*** Begin section ***
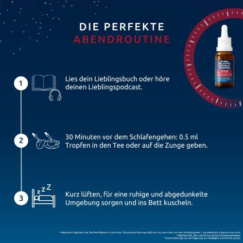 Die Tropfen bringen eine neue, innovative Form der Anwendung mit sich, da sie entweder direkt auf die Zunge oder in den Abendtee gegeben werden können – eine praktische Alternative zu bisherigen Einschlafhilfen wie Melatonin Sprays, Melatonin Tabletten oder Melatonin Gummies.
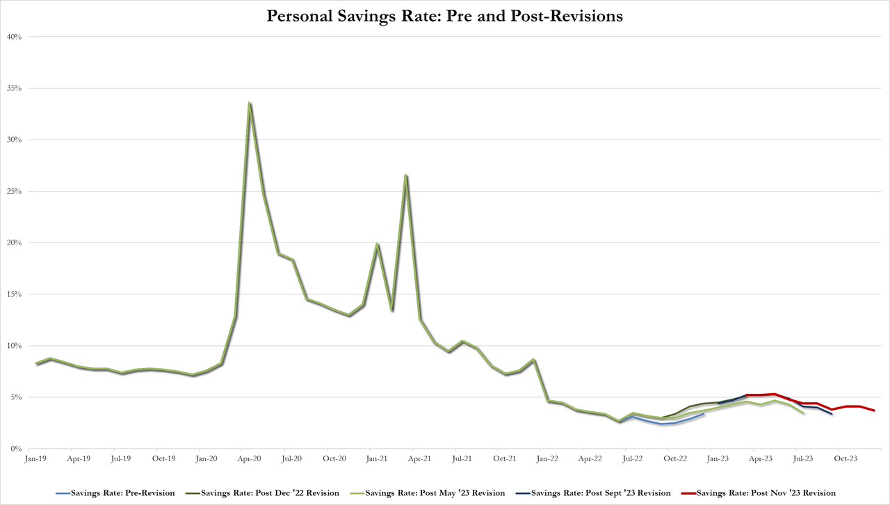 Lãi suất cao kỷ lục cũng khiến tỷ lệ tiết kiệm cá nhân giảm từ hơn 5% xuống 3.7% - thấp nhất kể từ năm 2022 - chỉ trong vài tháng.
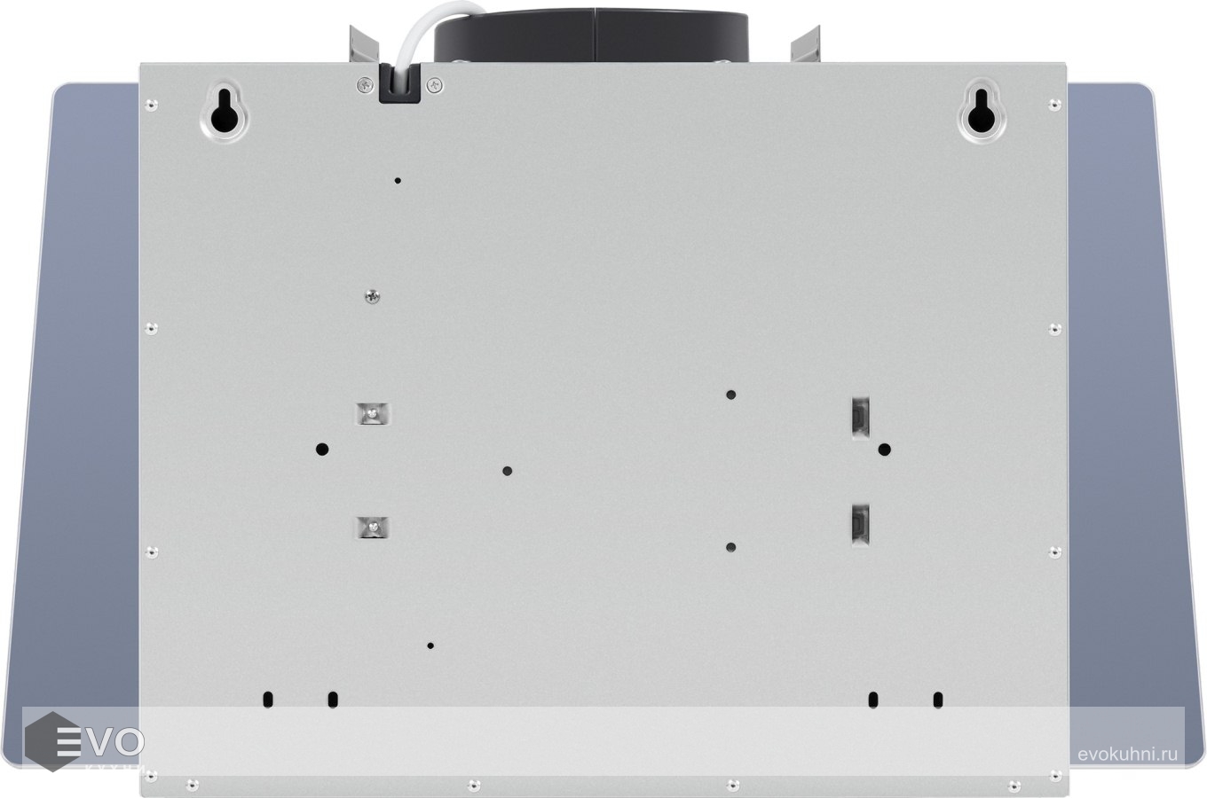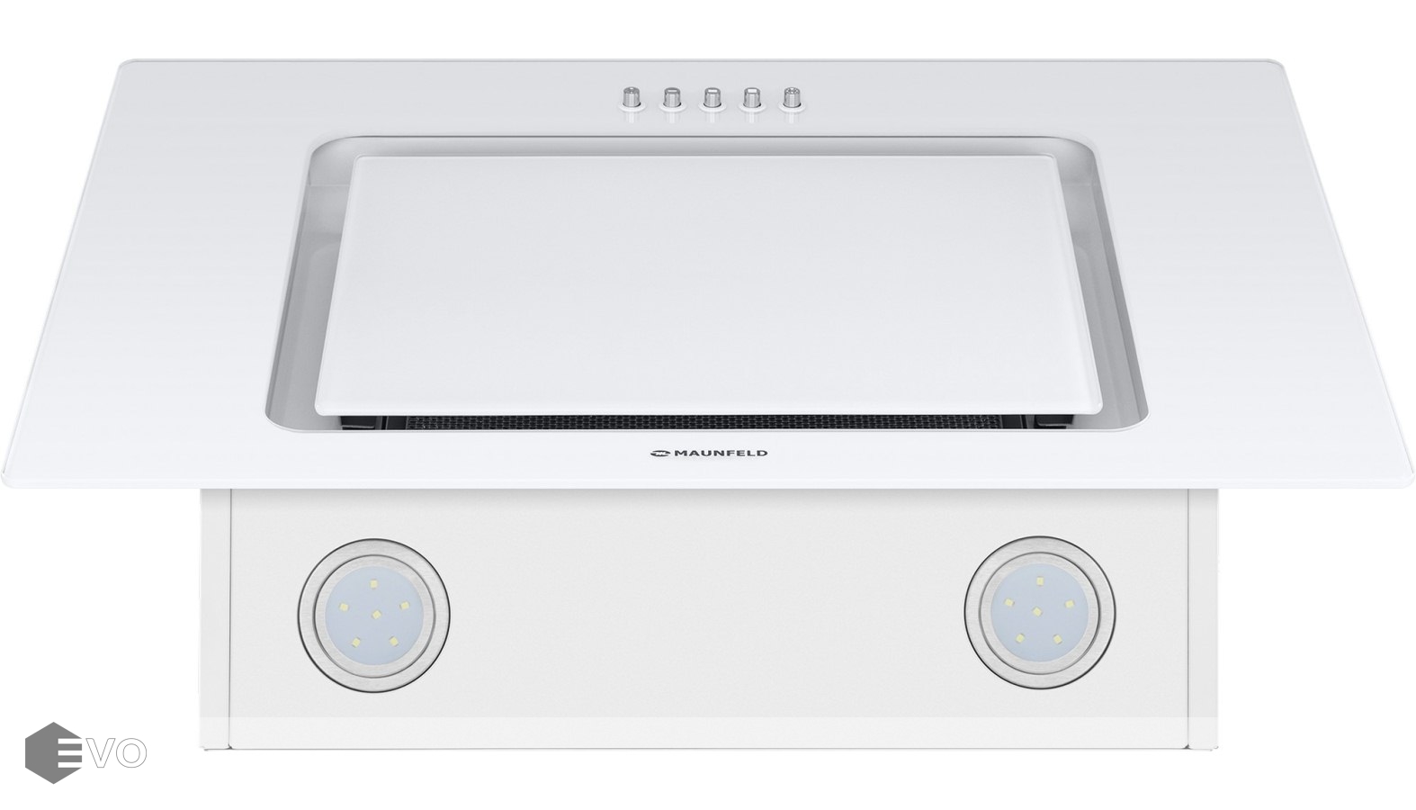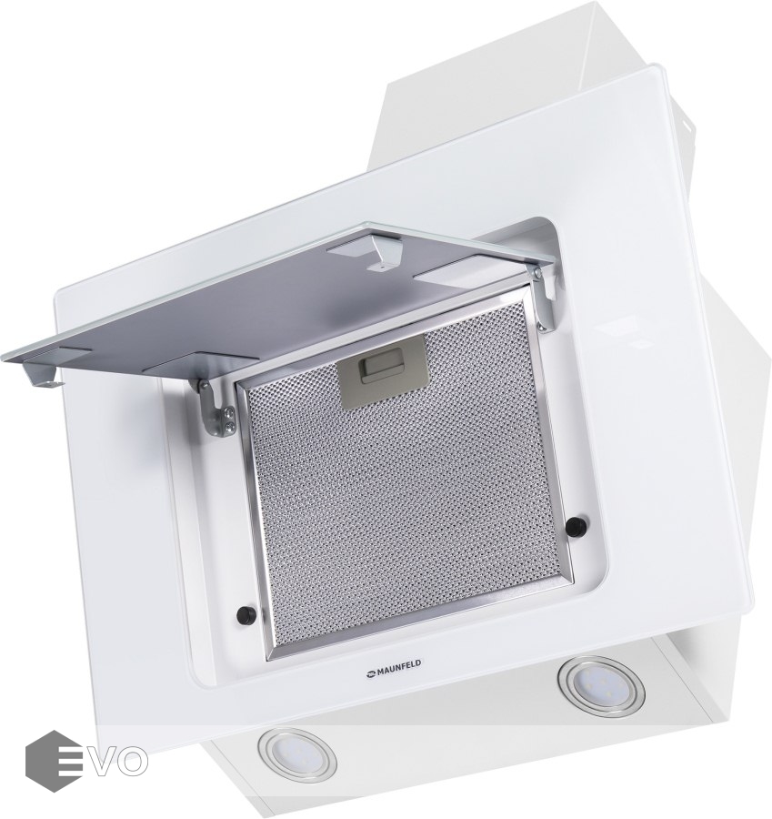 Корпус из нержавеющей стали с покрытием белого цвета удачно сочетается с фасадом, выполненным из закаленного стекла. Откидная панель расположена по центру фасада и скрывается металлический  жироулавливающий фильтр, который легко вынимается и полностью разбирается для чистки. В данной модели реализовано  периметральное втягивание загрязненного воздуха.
*** End section ***
■ What needs to be done: Would you return the material exactly, images excluded?

■ Expected output:
 Die Tropfen bringen eine neue, innovative Form der Anwendung mit sich, da sie entweder direkt auf die Zunge oder in den Abendtee gegeben werden können – eine praktische Alternative zu bisherigen Einschlafhilfen wie Melatonin Sprays, Melatonin Tabletten oder Melatonin Gummies.
 Lãi suất cao kỷ lục cũng khiến tỷ lệ tiết kiệm cá nhân giảm từ hơn 5% xuống 3.7% - thấp nhất kể từ năm 2022 - chỉ trong vài tháng.
 Корпус из нержавеющей стали с покрытием белого цвета удачно сочетается с фасадом, выполненным из закаленного стекла. Откидная панель расположена по центру фасада и скрывается металлический  жироулавливающий фильтр, который легко вынимается и полностью разбирается для чистки. В данной модели реализовано  периметральное втягивание загрязненного воздуха.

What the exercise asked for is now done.